Task directions. How do the lines read from the one holding "Exquisite floral lace" through the last line of the listing? Set them down exactly, pictures omitted.

Records shown.

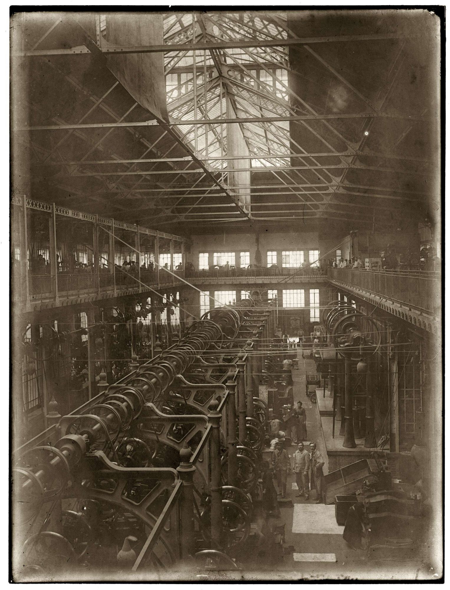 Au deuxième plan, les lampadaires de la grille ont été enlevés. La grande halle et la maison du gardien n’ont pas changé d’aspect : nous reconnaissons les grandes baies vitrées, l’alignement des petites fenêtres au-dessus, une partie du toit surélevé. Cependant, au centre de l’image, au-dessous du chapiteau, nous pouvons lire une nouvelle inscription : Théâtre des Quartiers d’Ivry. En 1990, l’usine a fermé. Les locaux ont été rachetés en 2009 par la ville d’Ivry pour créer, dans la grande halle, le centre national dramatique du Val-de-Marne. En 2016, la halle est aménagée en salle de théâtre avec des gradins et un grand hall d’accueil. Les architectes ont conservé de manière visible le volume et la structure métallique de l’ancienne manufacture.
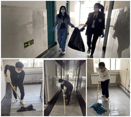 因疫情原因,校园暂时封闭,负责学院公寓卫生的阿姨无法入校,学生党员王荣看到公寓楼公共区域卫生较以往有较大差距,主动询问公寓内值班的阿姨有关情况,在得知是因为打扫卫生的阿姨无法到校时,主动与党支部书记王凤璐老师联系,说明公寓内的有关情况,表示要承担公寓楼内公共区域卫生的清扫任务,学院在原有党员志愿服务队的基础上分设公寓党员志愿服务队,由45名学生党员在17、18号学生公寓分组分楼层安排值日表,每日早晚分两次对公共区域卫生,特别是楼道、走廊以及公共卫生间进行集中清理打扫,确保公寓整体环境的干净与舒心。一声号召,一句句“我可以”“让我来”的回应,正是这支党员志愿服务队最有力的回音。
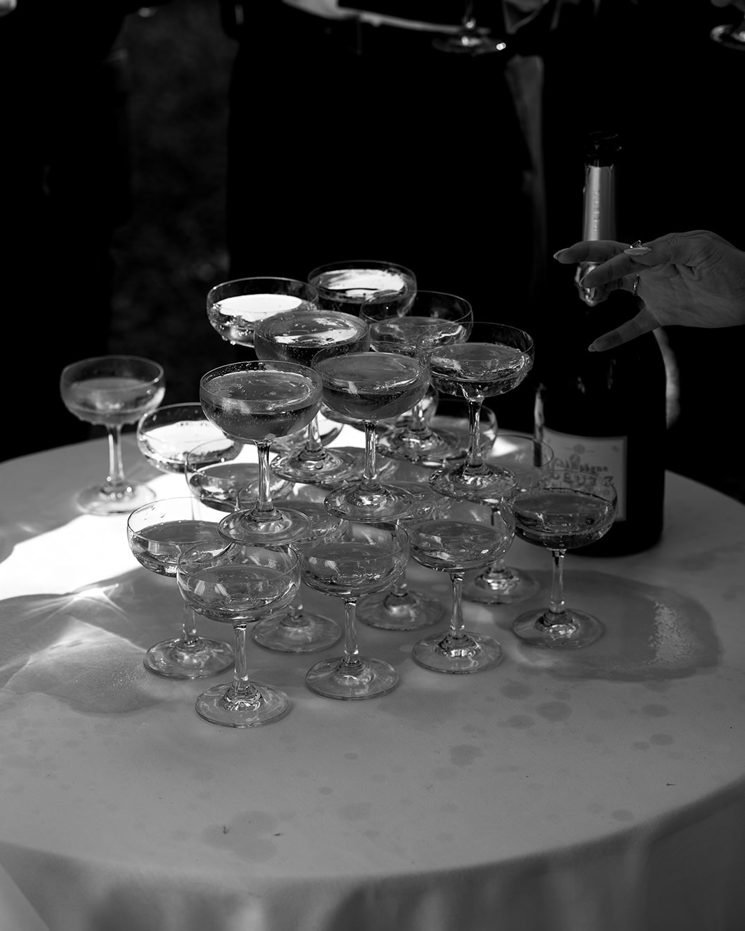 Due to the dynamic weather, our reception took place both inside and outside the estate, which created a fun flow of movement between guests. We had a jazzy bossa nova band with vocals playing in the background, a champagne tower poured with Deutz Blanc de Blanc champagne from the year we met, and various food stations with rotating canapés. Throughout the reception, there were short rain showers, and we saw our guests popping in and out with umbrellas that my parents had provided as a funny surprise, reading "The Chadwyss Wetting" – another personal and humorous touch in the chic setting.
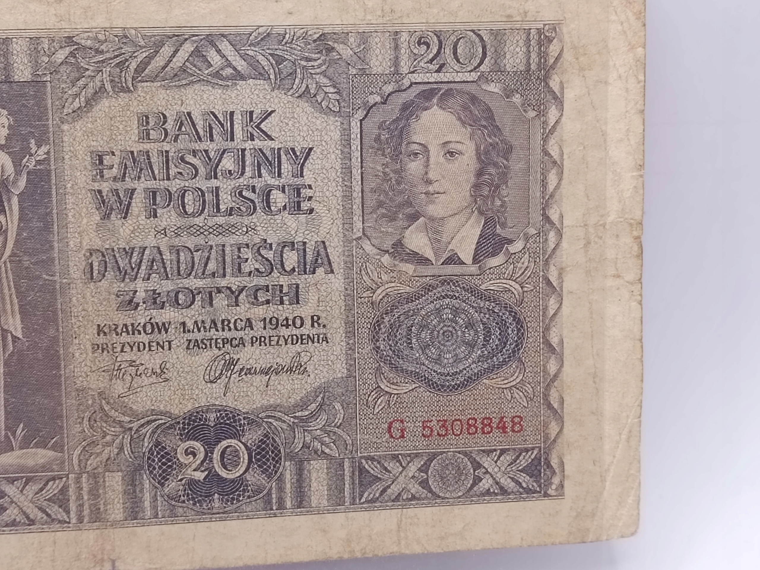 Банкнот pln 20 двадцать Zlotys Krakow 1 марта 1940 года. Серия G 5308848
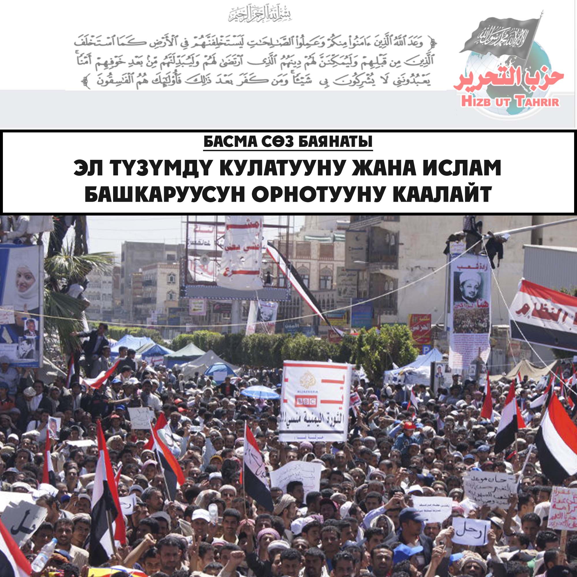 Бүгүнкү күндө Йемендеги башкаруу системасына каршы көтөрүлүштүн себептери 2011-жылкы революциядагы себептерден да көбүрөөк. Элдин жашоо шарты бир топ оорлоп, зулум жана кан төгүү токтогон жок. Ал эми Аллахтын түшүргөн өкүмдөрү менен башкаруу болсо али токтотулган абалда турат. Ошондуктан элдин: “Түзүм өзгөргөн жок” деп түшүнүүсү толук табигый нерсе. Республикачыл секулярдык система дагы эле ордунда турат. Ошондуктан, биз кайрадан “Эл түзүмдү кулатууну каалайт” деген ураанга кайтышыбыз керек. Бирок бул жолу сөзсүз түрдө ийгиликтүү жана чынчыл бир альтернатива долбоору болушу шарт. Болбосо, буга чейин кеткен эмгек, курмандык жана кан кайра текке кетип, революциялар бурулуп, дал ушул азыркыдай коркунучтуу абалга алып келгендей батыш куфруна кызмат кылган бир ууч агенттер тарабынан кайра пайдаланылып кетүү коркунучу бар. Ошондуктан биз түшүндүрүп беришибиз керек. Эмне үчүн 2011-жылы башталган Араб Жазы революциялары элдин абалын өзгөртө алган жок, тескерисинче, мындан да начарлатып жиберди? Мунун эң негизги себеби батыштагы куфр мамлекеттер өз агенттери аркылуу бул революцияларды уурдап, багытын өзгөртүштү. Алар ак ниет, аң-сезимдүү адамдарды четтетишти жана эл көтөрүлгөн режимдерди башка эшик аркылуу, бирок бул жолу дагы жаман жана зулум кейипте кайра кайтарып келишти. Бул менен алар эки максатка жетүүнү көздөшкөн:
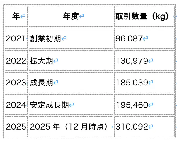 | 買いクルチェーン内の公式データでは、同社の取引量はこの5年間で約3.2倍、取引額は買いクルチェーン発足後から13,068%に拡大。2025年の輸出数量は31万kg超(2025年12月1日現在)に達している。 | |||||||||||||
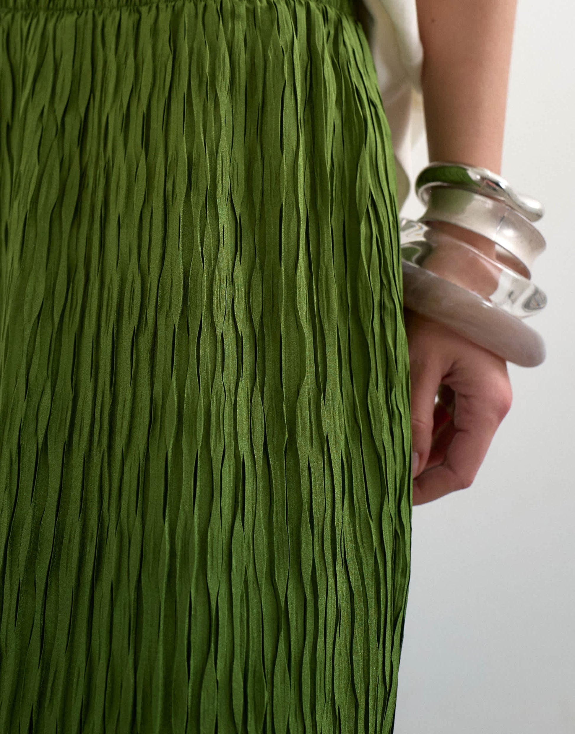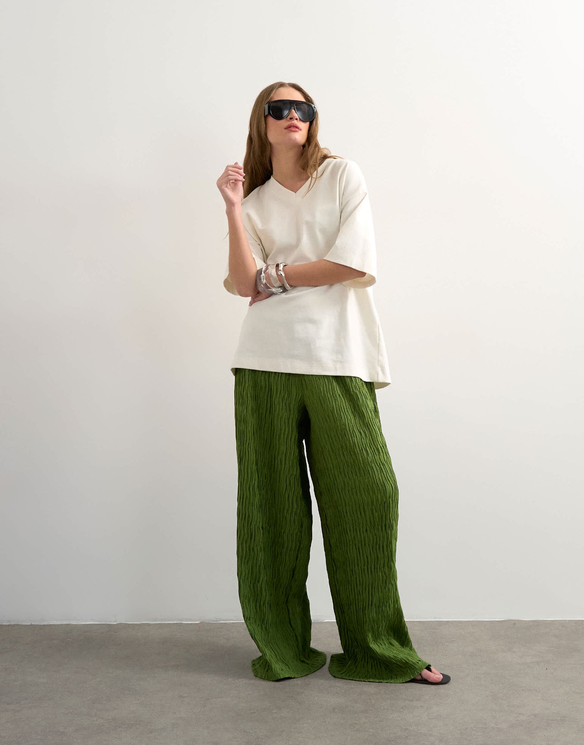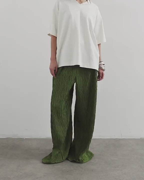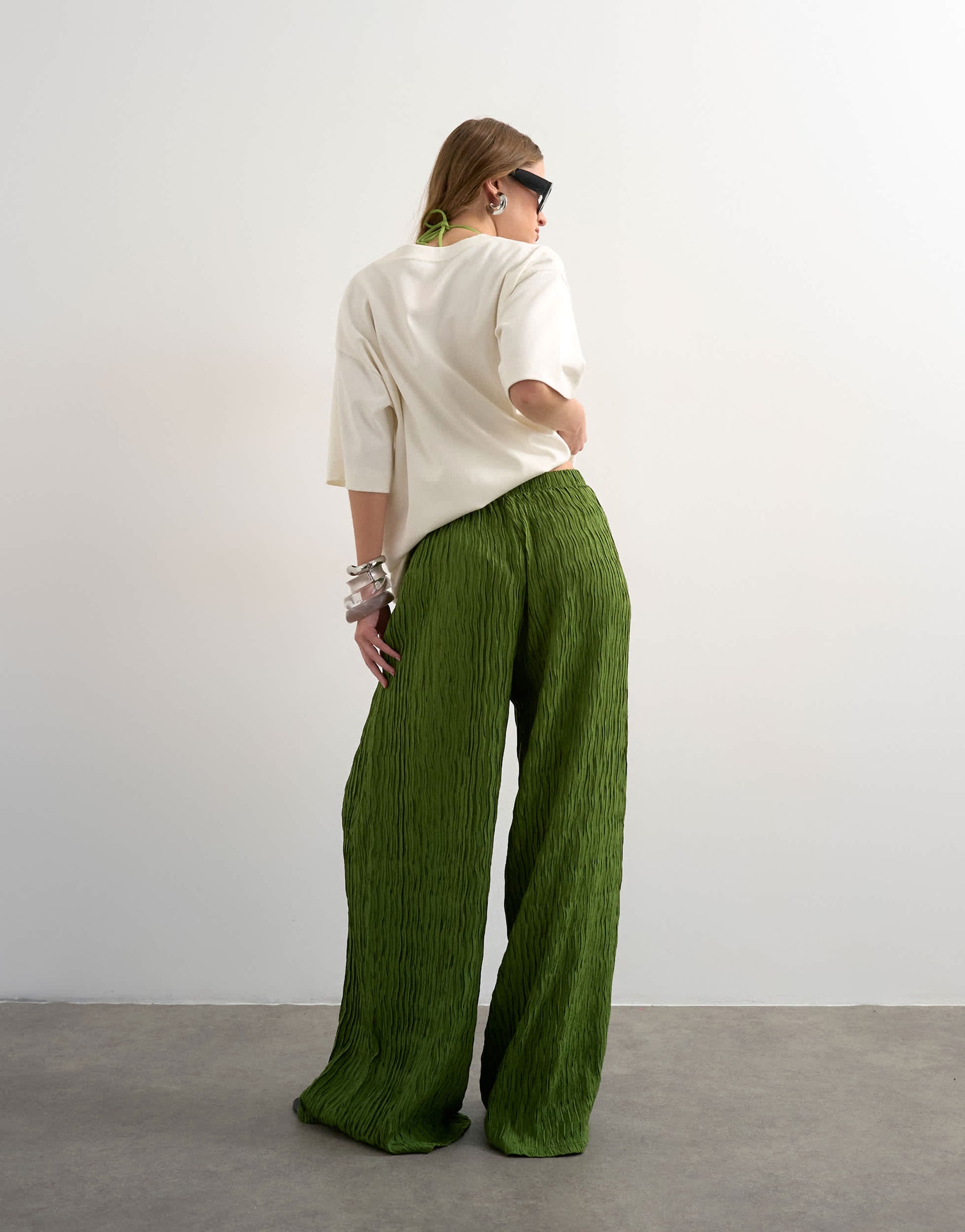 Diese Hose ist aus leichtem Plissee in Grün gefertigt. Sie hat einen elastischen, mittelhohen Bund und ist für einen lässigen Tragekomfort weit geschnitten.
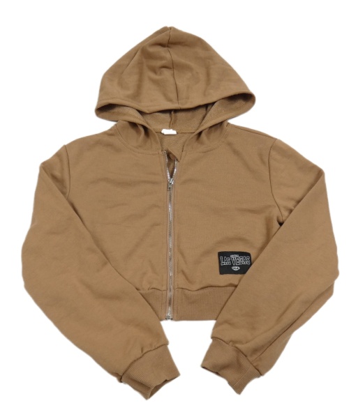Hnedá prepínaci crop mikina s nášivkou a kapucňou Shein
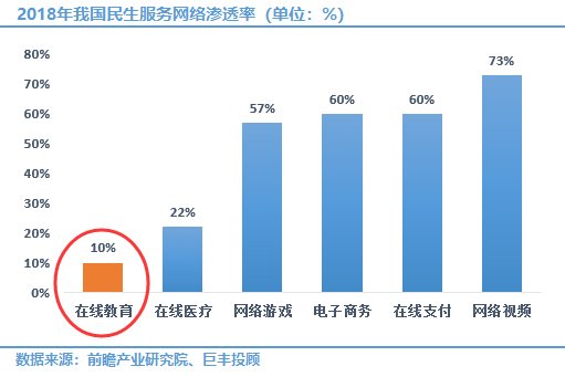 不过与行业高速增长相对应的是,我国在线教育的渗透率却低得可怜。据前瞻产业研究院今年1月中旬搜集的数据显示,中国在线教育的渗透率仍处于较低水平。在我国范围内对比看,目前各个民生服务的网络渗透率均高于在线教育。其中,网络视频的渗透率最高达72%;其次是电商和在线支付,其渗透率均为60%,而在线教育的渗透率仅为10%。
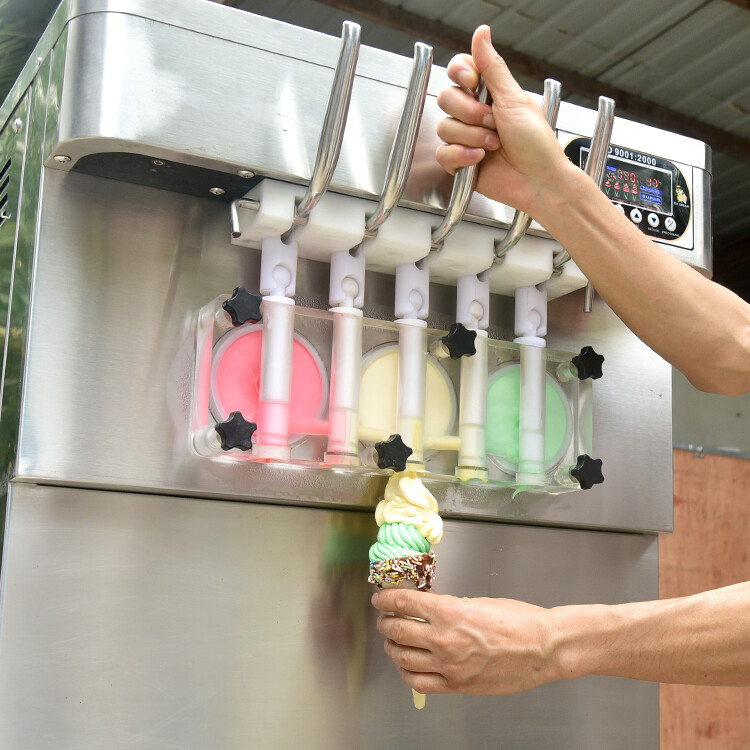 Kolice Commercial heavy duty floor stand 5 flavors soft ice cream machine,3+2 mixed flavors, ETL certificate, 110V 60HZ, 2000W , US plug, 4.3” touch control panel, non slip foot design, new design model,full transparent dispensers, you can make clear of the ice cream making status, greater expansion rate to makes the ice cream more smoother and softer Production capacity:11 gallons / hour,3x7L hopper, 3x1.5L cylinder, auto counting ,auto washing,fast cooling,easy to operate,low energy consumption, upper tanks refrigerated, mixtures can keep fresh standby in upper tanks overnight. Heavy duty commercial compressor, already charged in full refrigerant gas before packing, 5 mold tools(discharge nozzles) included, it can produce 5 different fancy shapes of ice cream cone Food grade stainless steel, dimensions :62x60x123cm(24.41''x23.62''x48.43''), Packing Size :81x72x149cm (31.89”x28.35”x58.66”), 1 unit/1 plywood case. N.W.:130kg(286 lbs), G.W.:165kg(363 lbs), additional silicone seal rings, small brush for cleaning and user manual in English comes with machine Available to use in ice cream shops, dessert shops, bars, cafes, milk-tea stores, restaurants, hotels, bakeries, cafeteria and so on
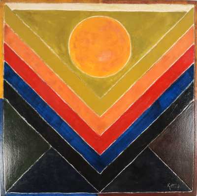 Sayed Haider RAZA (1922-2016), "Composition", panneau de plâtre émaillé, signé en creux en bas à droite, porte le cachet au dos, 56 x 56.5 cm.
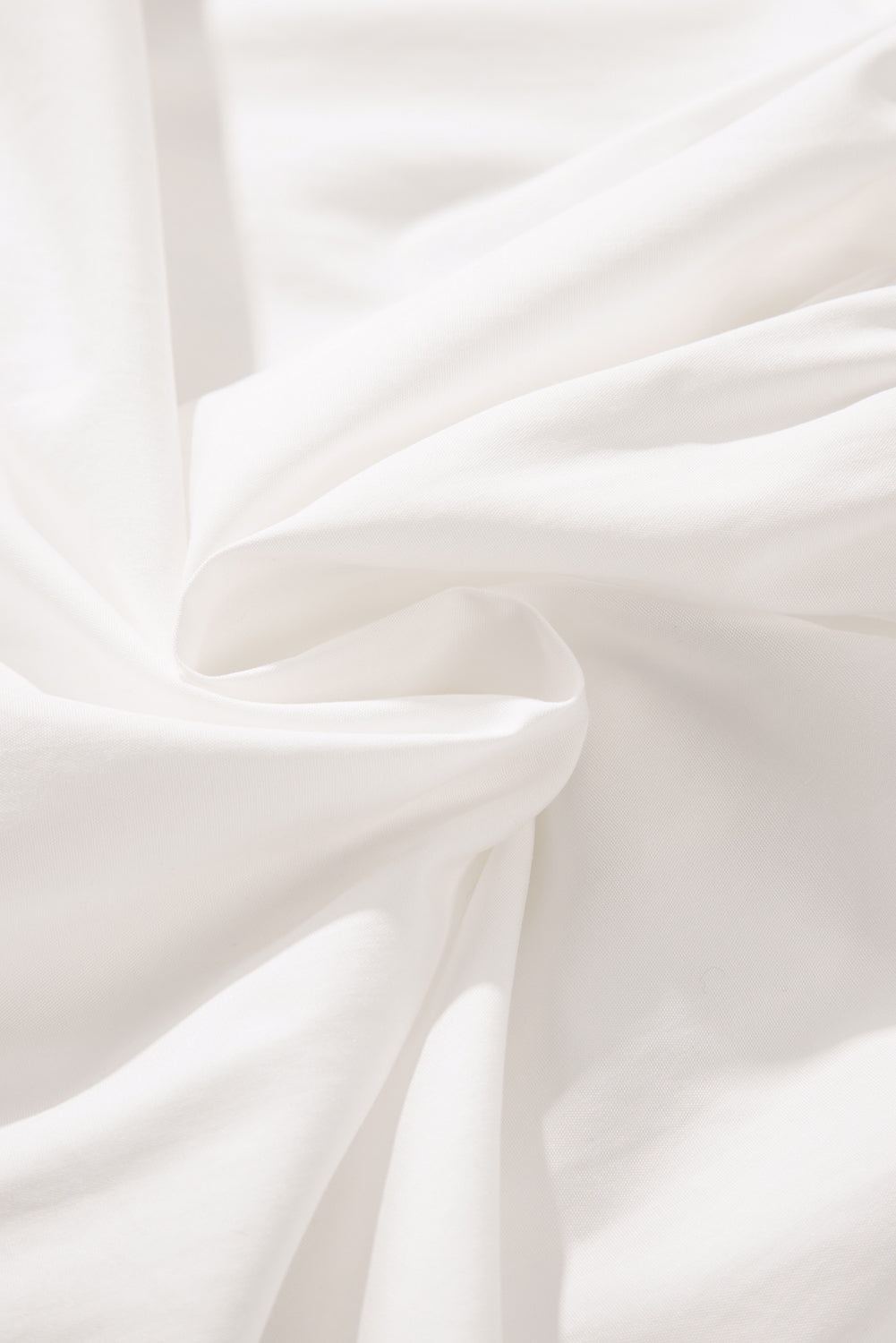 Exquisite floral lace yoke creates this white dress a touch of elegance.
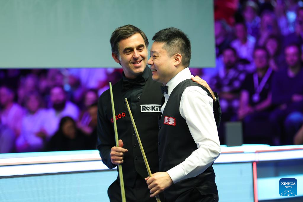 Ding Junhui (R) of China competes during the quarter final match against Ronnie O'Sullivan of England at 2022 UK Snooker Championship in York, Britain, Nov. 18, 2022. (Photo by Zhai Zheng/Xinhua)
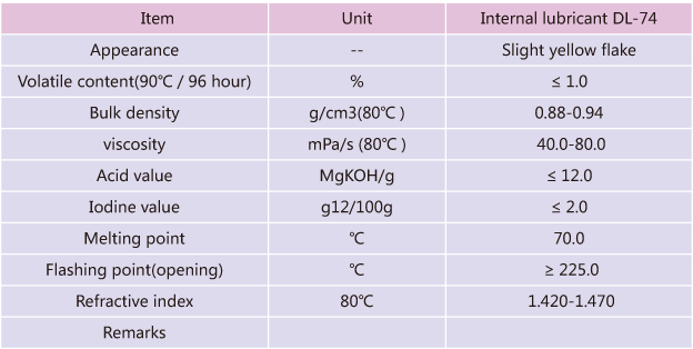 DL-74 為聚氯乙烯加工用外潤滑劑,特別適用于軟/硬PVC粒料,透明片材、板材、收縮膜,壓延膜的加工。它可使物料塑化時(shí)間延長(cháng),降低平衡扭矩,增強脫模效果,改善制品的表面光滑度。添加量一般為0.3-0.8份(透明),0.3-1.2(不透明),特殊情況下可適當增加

Solution to this problem.
 Exquisite floral lace yoke creates this white dress a touch of elegance.
 Ding Junhui (R) of China competes during the quarter final match against Ronnie O'Sullivan of England at 2022 UK Snooker Championship in York, Britain, Nov. 18, 2022. (Photo by Zhai Zheng/Xinhua)
 DL-74 為聚氯乙烯加工用外潤滑劑,特別適用于軟/硬PVC粒料,透明片材、板材、收縮膜,壓延膜的加工。它可使物料塑化時(shí)間延長(cháng),降低平衡扭矩,增強脫模效果,改善制品的表面光滑度。添加量一般為0.3-0.8份(透明),0.3-1.2(不透明),特殊情況下可適當增加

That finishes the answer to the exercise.